Source material section start

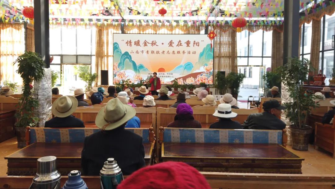 10月20日,在第75个重阳节来临之际,团市委、市青联组织市二届青联委员、西部计划志愿者,在乃东区特困人员集中供养中心开展以“情暖金秋·爱在重阳”为主题的敬老志愿服务,为老人送去节日的问候和祝福。
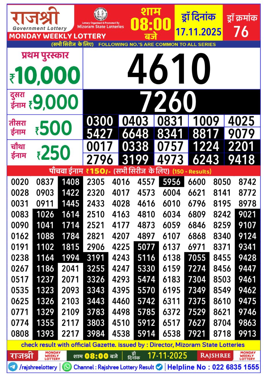 Rajshree Lottery Result 8PM 17.11.25 Share: XFacebookPinterestRedditVKDiggLinkedinMix Related Results Rajshree Lottery Result 8PM 14.12.25 Rajshree Lottery Result 8PM 13.12.25 Rajshree Lottery Result 8PM 12.12.25 Rajshree Lottery Result 8PM 11.12.25
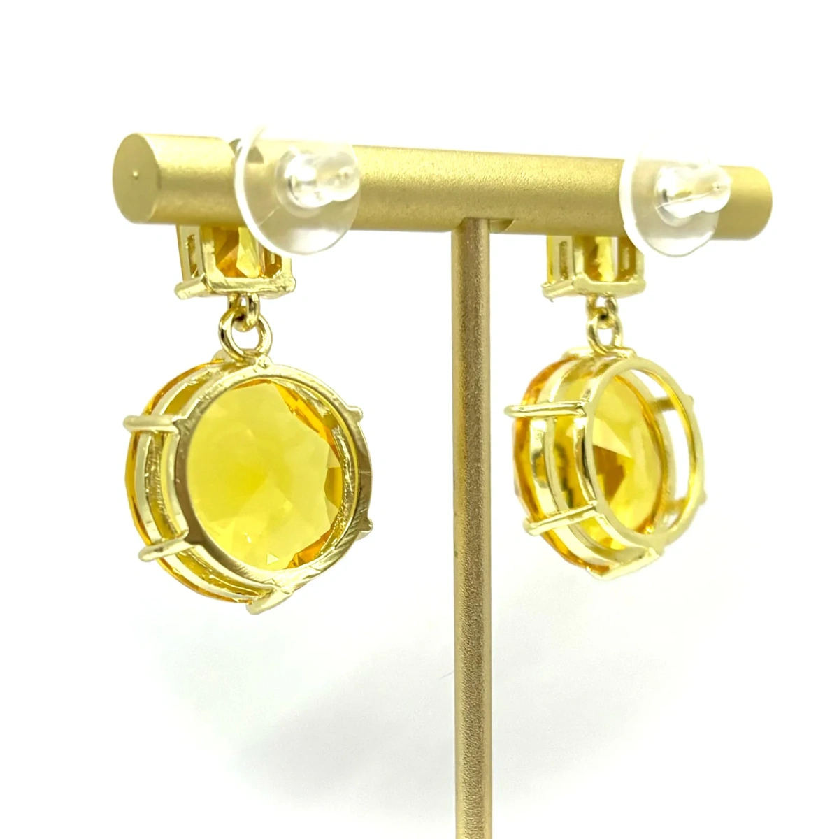 Гранёная поверхность красиво отражает свет, добавляя камню объём и сияние. Золотистая оправа подчёркивает цвет и делает серьги более «собранными» и нарядными.
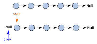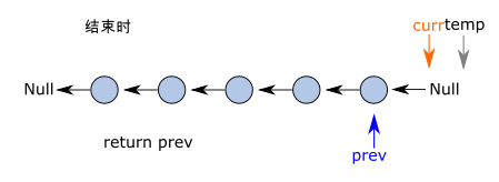 由此直到curr pointer hits null,最后的diagram如下图, 这时候curr points to Null while prev is the new "head" for this reversed list. return prev
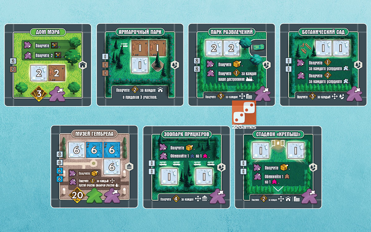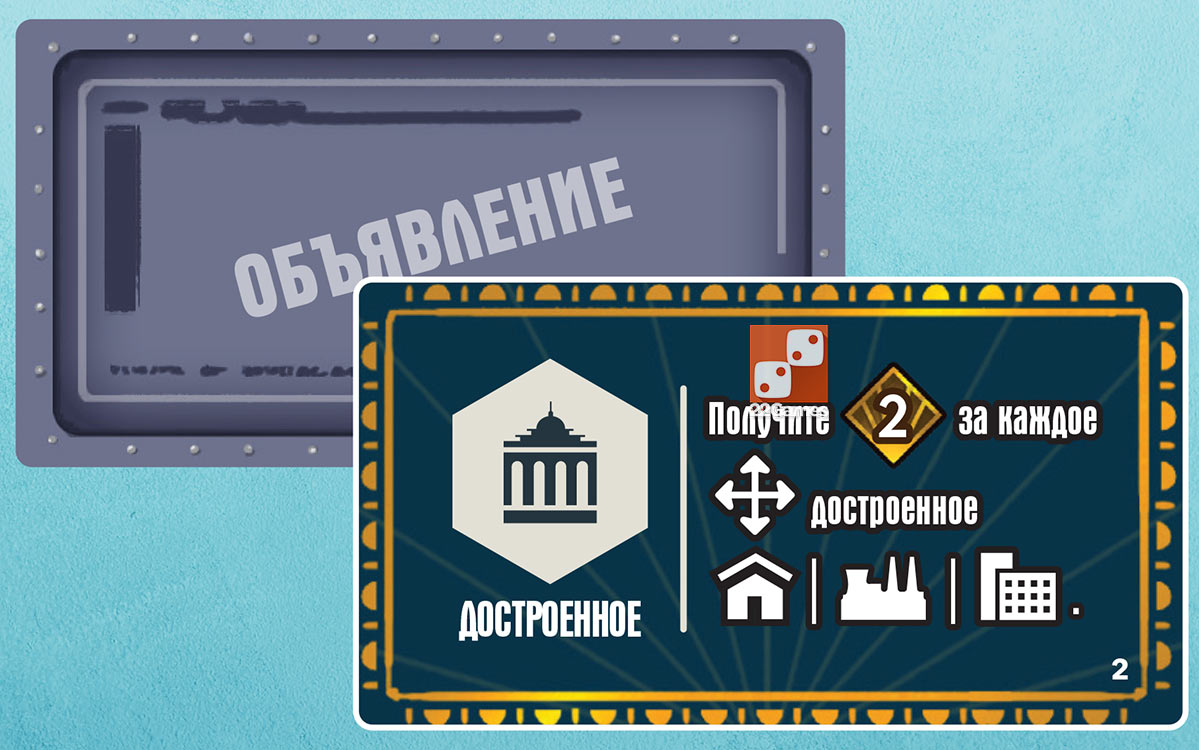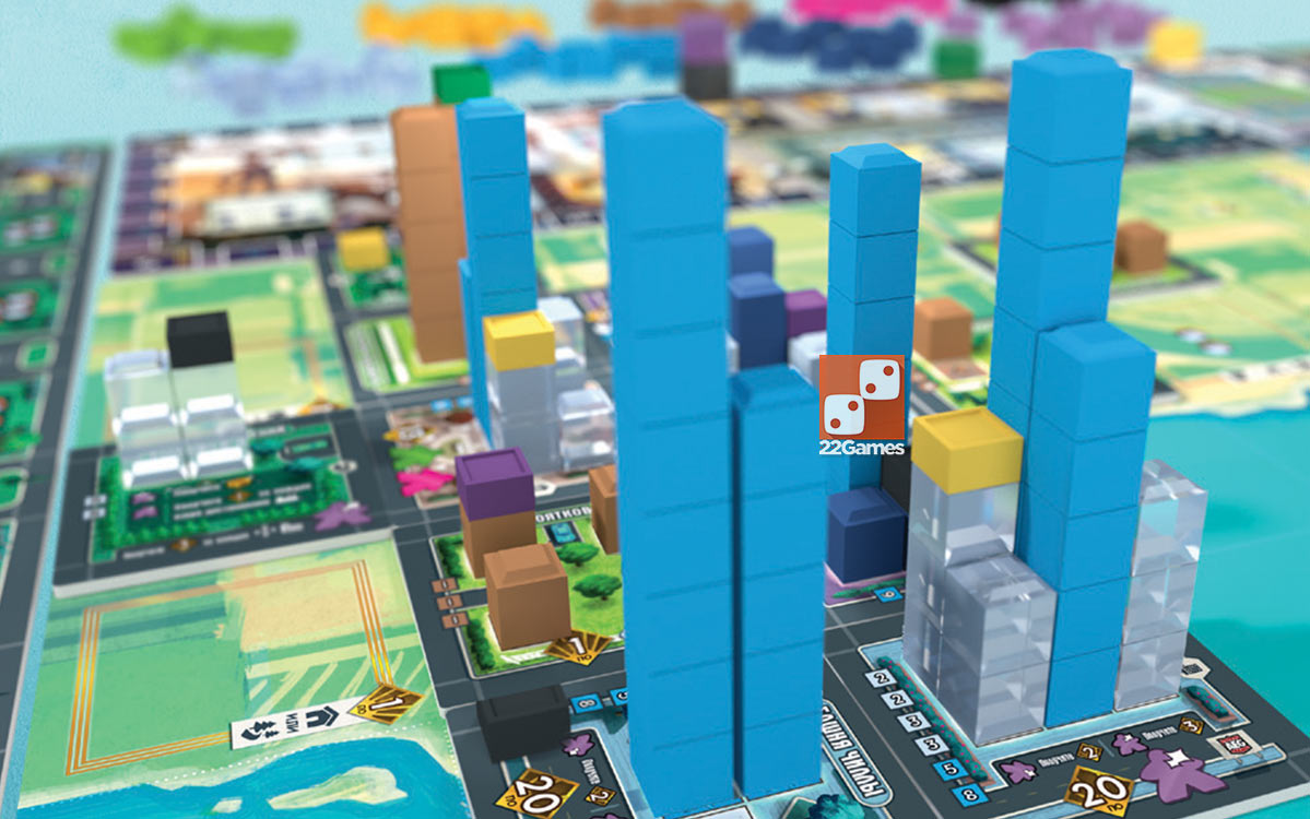Стройматериалы – это пластиковые кубики. Вы будете складывать их друг на друга, возводя объёмные здания на карте города. Достроенные здания повышают ваш престиж и приносят новых работников, благодаря которым вы сможете возводить более высокие здания, включая небоскрёбы. Эти здания определят городской ландшафт на десятилетия и даже столетия вперёд!

Source material section end

_Exercise_.
Copy out the listing above in full and keep the pictures out.

_Answer to this problem_.
 10月20日,在第75个重阳节来临之际,团市委、市青联组织市二届青联委员、西部计划志愿者,在乃东区特困人员集中供养中心开展以“情暖金秋·爱在重阳”为主题的敬老志愿服务,为老人送去节日的问候和祝福。
 Rajshree Lottery Result 8PM 17.11.25 Share: XFacebookPinterestRedditVKDiggLinkedinMix Related Results Rajshree Lottery Result 8PM 14.12.25 Rajshree Lottery Result 8PM 13.12.25 Rajshree Lottery Result 8PM 12.12.25 Rajshree Lottery Result 8PM 11.12.25
 Гранёная поверхность красиво отражает свет, добавляя камню объём и сияние. Золотистая оправа подчёркивает цвет и делает серьги более «собранными» и нарядными.
 由此直到curr pointer hits null,最后的diagram如下图, 这时候curr points to Null while prev is the new "head" for this reversed list. return prev
Стройматериалы – это пластиковые кубики. Вы будете складывать их друг на друга, возводя объёмные здания на карте города. Достроенные здания повышают ваш престиж и приносят новых работников, благодаря которым вы сможете возводить более высокие здания, включая небоскрёбы. Эти здания определят городской ландшафт на десятилетия и даже столетия вперёд!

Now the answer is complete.